*** Opening Working data ***

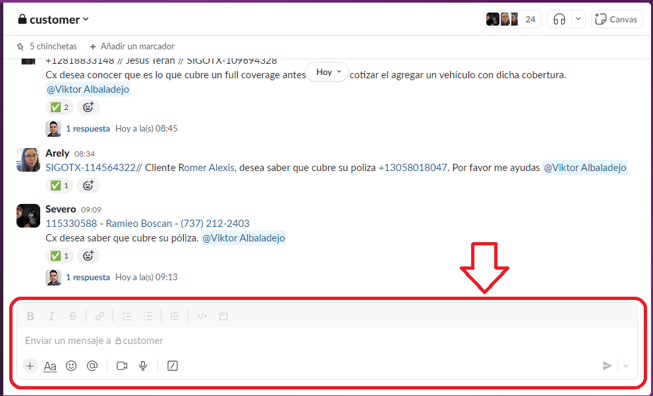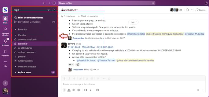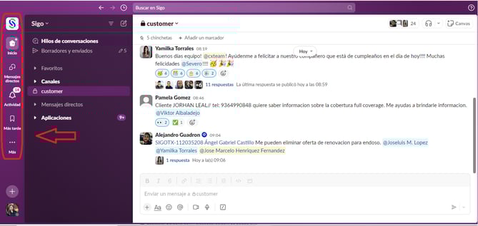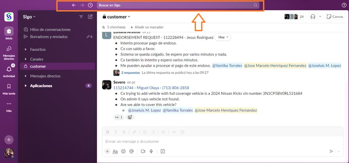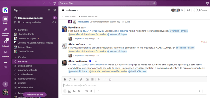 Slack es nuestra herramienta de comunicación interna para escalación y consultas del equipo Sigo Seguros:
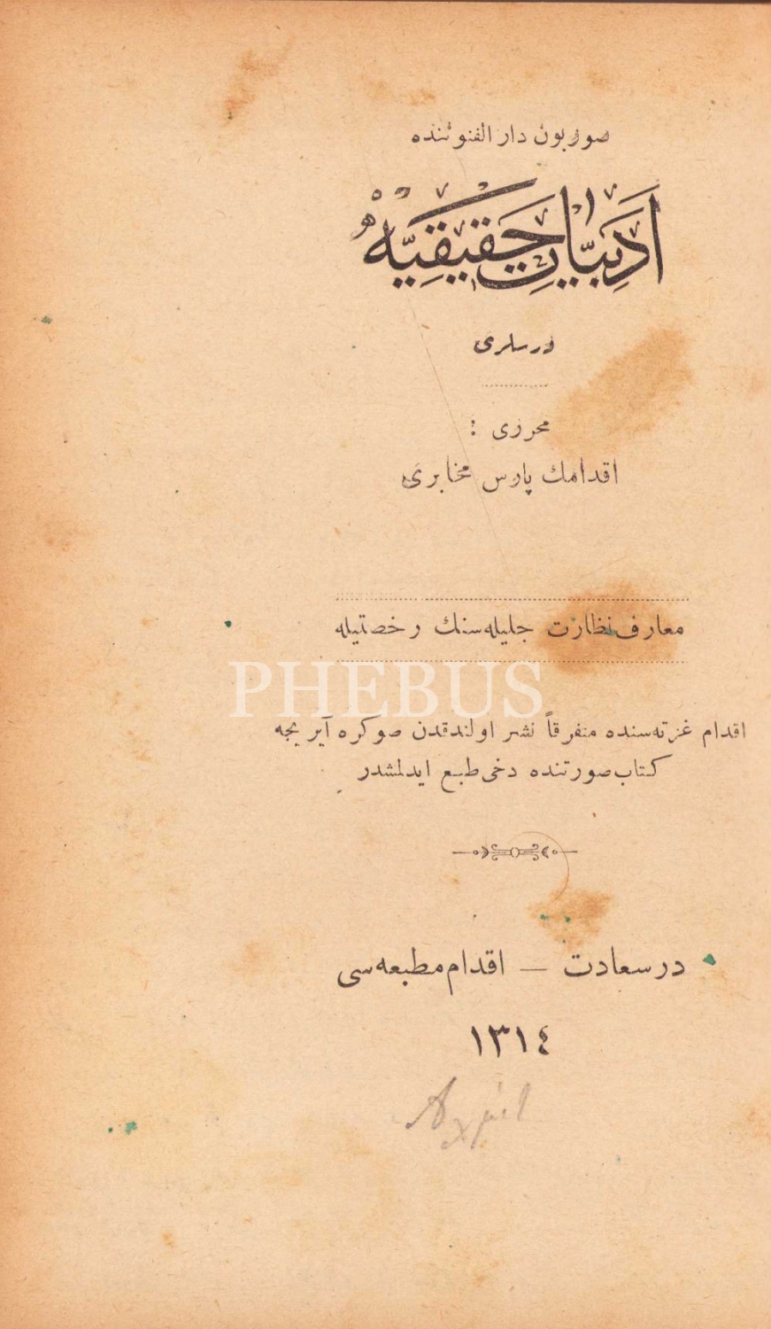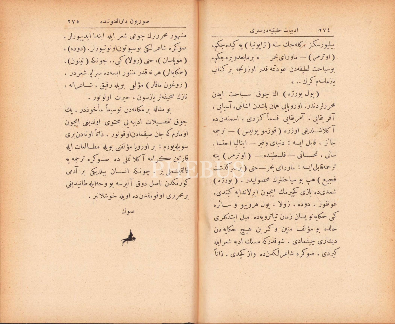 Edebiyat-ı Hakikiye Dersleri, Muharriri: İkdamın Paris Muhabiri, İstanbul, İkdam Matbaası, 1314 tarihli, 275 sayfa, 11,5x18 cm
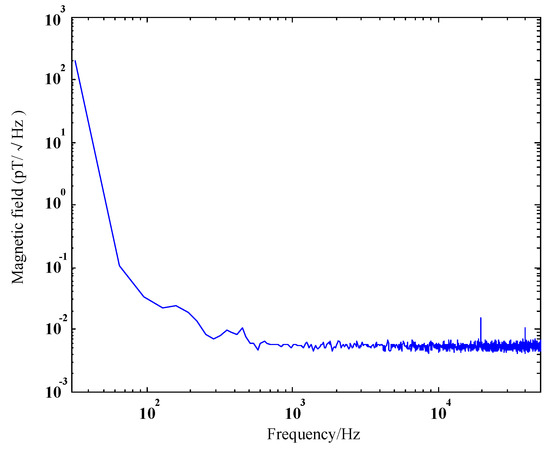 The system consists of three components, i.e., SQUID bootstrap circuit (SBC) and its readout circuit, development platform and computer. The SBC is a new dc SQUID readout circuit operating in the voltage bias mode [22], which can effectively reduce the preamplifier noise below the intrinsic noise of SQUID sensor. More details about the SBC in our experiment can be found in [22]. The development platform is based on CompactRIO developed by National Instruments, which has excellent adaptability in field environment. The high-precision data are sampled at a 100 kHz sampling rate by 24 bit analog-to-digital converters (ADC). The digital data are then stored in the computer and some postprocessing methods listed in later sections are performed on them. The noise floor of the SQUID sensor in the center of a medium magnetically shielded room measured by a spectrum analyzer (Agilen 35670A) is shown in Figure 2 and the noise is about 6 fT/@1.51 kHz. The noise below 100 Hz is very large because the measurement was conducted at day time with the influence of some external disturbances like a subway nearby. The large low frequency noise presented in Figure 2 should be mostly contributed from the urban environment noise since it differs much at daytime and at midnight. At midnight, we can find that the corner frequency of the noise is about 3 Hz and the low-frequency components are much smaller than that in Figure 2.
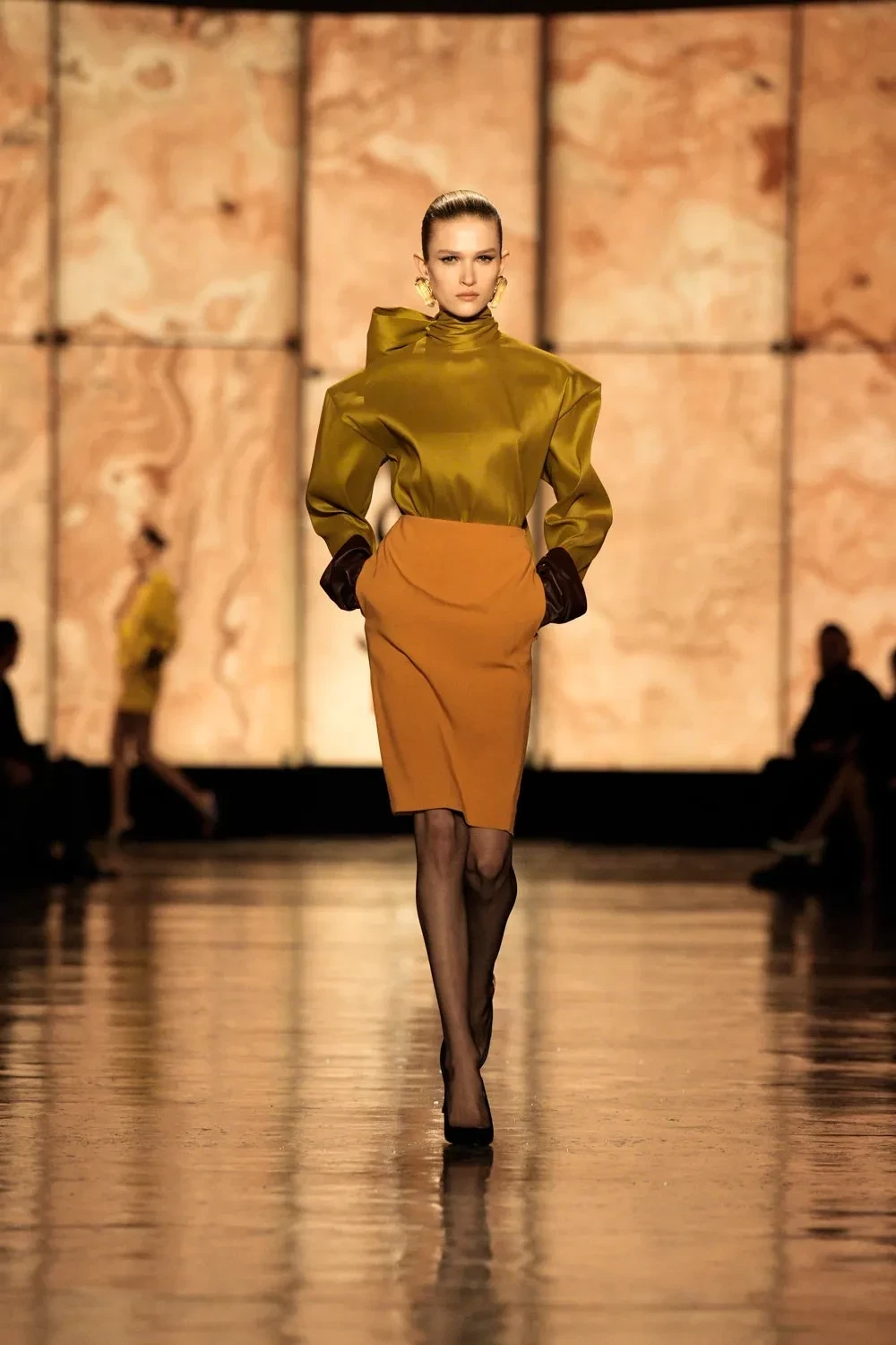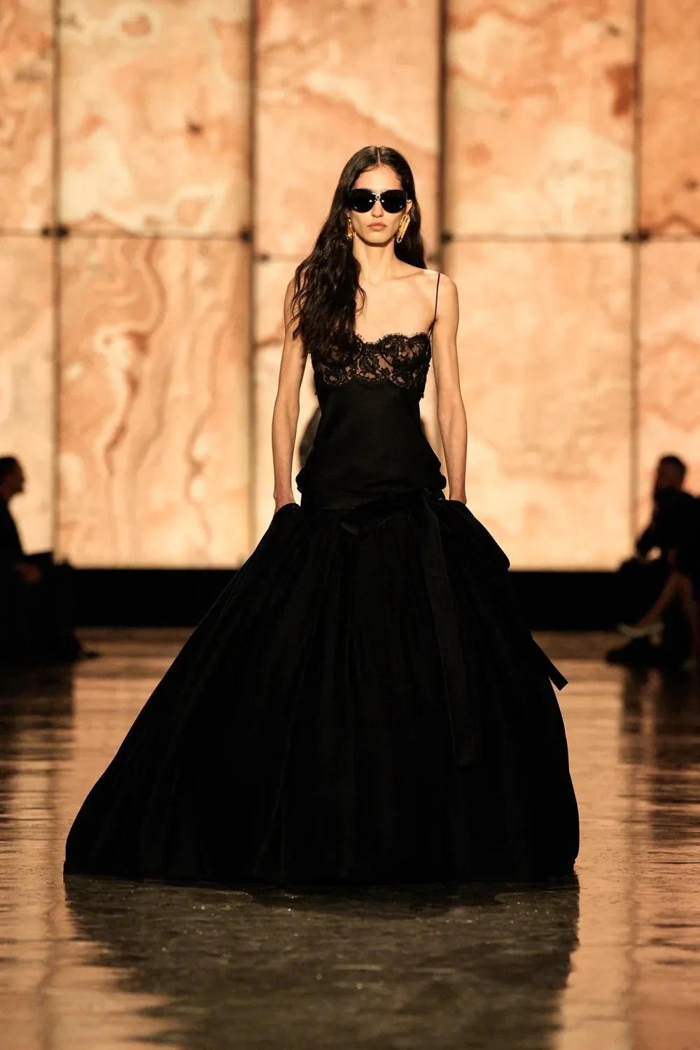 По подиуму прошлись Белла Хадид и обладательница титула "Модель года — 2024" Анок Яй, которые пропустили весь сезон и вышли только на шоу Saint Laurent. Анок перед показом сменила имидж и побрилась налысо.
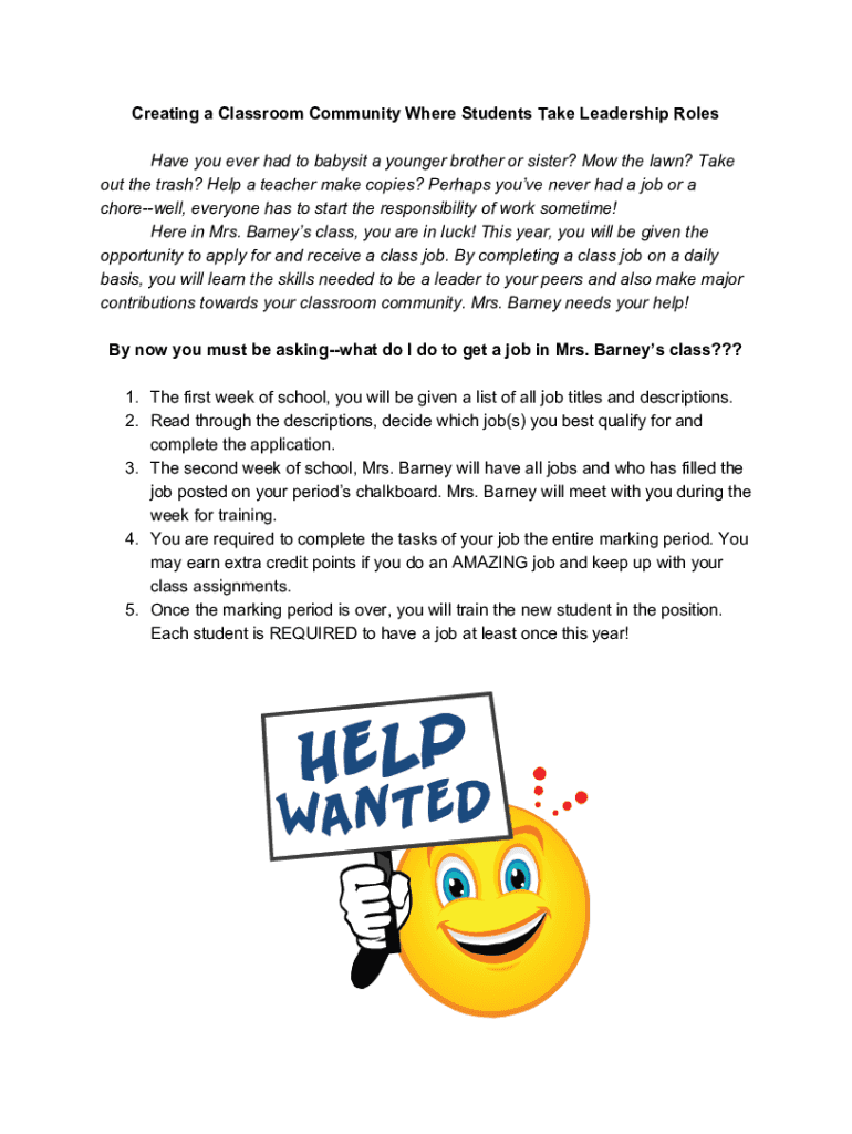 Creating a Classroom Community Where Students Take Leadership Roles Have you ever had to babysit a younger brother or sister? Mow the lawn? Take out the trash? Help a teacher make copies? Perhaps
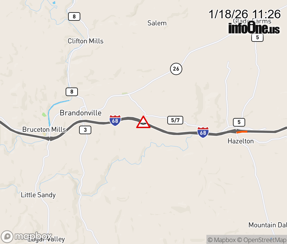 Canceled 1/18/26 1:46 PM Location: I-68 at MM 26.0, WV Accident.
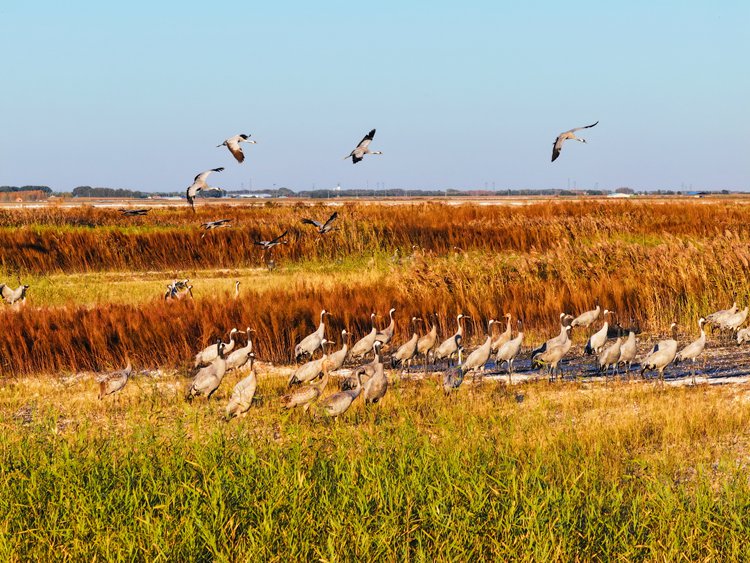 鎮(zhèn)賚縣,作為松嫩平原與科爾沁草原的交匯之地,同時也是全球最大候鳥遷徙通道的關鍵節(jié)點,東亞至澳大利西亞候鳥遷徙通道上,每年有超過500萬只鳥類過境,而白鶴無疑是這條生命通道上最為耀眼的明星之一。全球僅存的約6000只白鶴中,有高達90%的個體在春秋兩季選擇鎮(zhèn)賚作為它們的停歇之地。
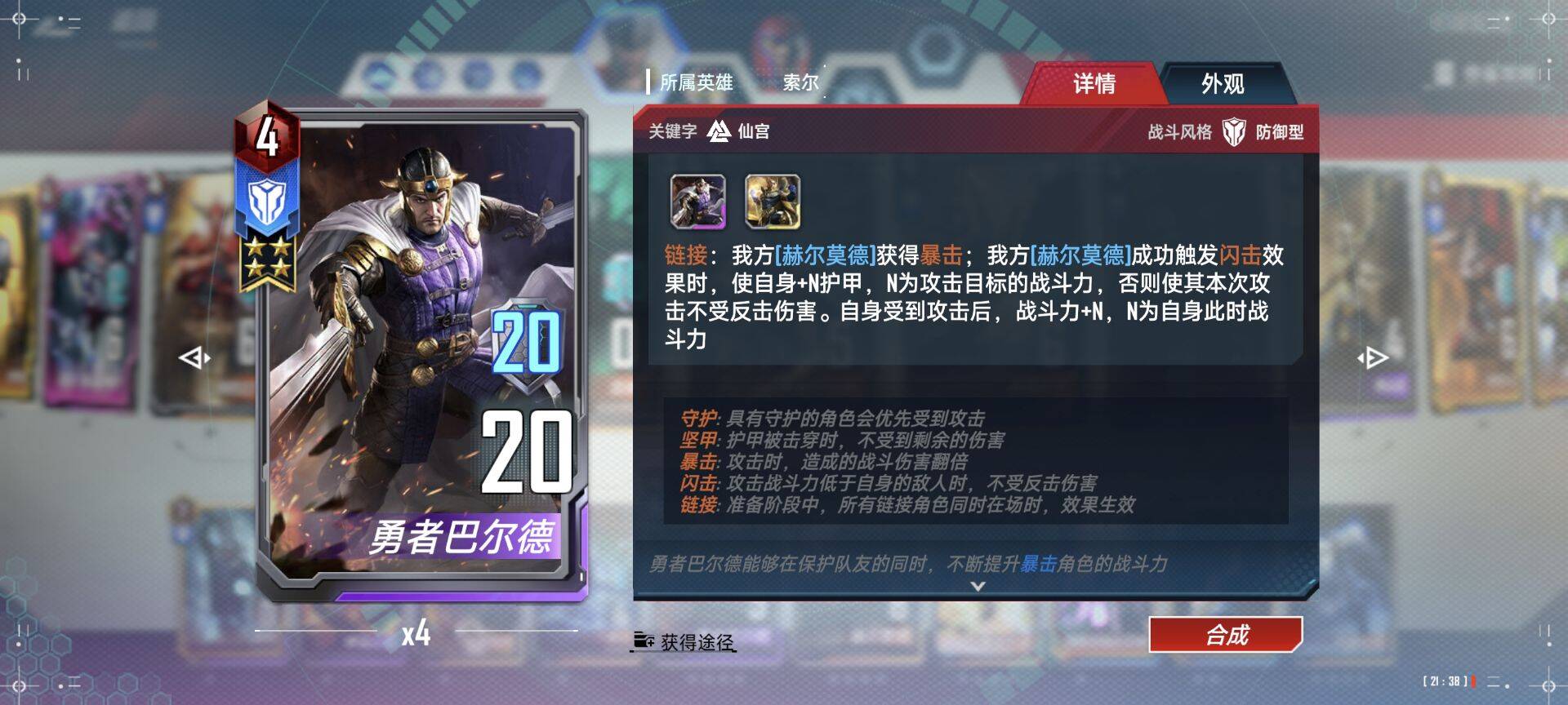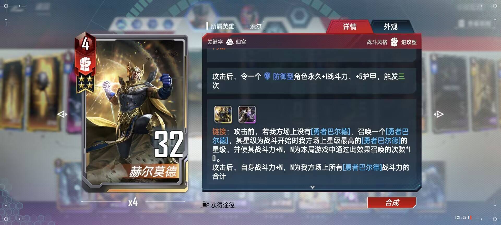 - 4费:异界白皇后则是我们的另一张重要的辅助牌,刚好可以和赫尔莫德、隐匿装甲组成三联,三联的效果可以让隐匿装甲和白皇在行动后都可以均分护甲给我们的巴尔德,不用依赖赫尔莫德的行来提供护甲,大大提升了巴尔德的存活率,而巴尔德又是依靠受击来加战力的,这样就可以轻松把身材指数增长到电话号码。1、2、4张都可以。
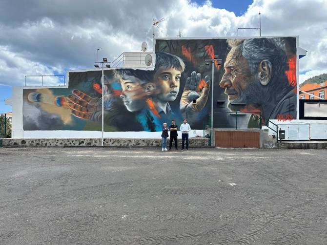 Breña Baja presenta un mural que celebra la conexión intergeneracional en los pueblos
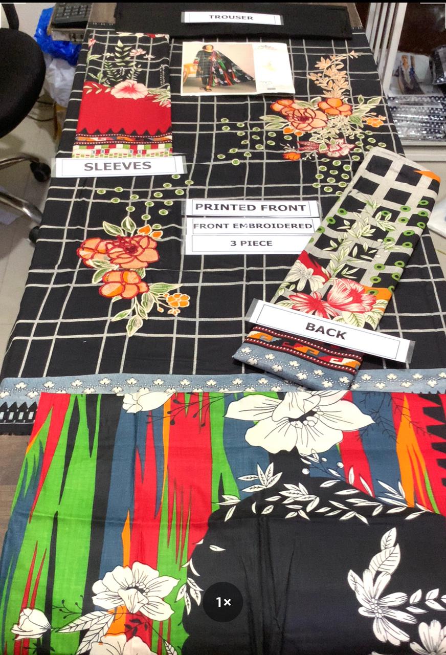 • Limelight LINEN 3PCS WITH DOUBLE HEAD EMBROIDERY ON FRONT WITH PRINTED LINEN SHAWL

*** Closing Working data ***

▶ _The task_:
Keep each line of the records exactly as it is while transcribing them, but leave the images behind.

▶ _Solution to the problem_:
 Slack es nuestra herramienta de comunicación interna para escalación y consultas del equipo Sigo Seguros:
 Edebiyat-ı Hakikiye Dersleri, Muharriri: İkdamın Paris Muhabiri, İstanbul, İkdam Matbaası, 1314 tarihli, 275 sayfa, 11,5x18 cm
 The system consists of three components, i.e., SQUID bootstrap circuit (SBC) and its readout circuit, development platform and computer. The SBC is a new dc SQUID readout circuit operating in the voltage bias mode [22], which can effectively reduce the preamplifier noise below the intrinsic noise of SQUID sensor. More details about the SBC in our experiment can be found in [22]. The development platform is based on CompactRIO developed by National Instruments, which has excellent adaptability in field environment. The high-precision data are sampled at a 100 kHz sampling rate by 24 bit analog-to-digital converters (ADC). The digital data are then stored in the computer and some postprocessing methods listed in later sections are performed on them. The noise floor of the SQUID sensor in the center of a medium magnetically shielded room measured by a spectrum analyzer (Agilen 35670A) is shown in Figure 2 and the noise is about 6 fT/@1.51 kHz. The noise below 100 Hz is very large because the measurement was conducted at day time with the influence of some external disturbances like a subway nearby. The large low frequency noise presented in Figure 2 should be mostly contributed from the urban environment noise since it differs much at daytime and at midnight. At midnight, we can find that the corner frequency of the noise is about 3 Hz and the low-frequency components are much smaller than that in Figure 2.
 По подиуму прошлись Белла Хадид и обладательница титула "Модель года — 2024" Анок Яй, которые пропустили весь сезон и вышли только на шоу Saint Laurent. Анок перед показом сменила имидж и побрилась налысо.
 Creating a Classroom Community Where Students Take Leadership Roles Have you ever had to babysit a younger brother or sister? Mow the lawn? Take out the trash? Help a teacher make copies? Perhaps
 Canceled 1/18/26 1:46 PM Location: I-68 at MM 26.0, WV Accident.
 鎮(zhèn)賚縣,作為松嫩平原與科爾沁草原的交匯之地,同時也是全球最大候鳥遷徙通道的關鍵節(jié)點,東亞至澳大利西亞候鳥遷徙通道上,每年有超過500萬只鳥類過境,而白鶴無疑是這條生命通道上最為耀眼的明星之一。全球僅存的約6000只白鶴中,有高達90%的個體在春秋兩季選擇鎮(zhèn)賚作為它們的停歇之地。
 - 4费:异界白皇后则是我们的另一张重要的辅助牌,刚好可以和赫尔莫德、隐匿装甲组成三联,三联的效果可以让隐匿装甲和白皇在行动后都可以均分护甲给我们的巴尔德,不用依赖赫尔莫德的行来提供护甲,大大提升了巴尔德的存活率,而巴尔德又是依靠受击来加战力的,这样就可以轻松把身材指数增长到电话号码。1、2、4张都可以。
 Breña Baja presenta un mural que celebra la conexión intergeneracional en los pueblos
 • Limelight LINEN 3PCS WITH DOUBLE HEAD EMBROIDERY ON FRONT WITH PRINTED LINEN SHAWL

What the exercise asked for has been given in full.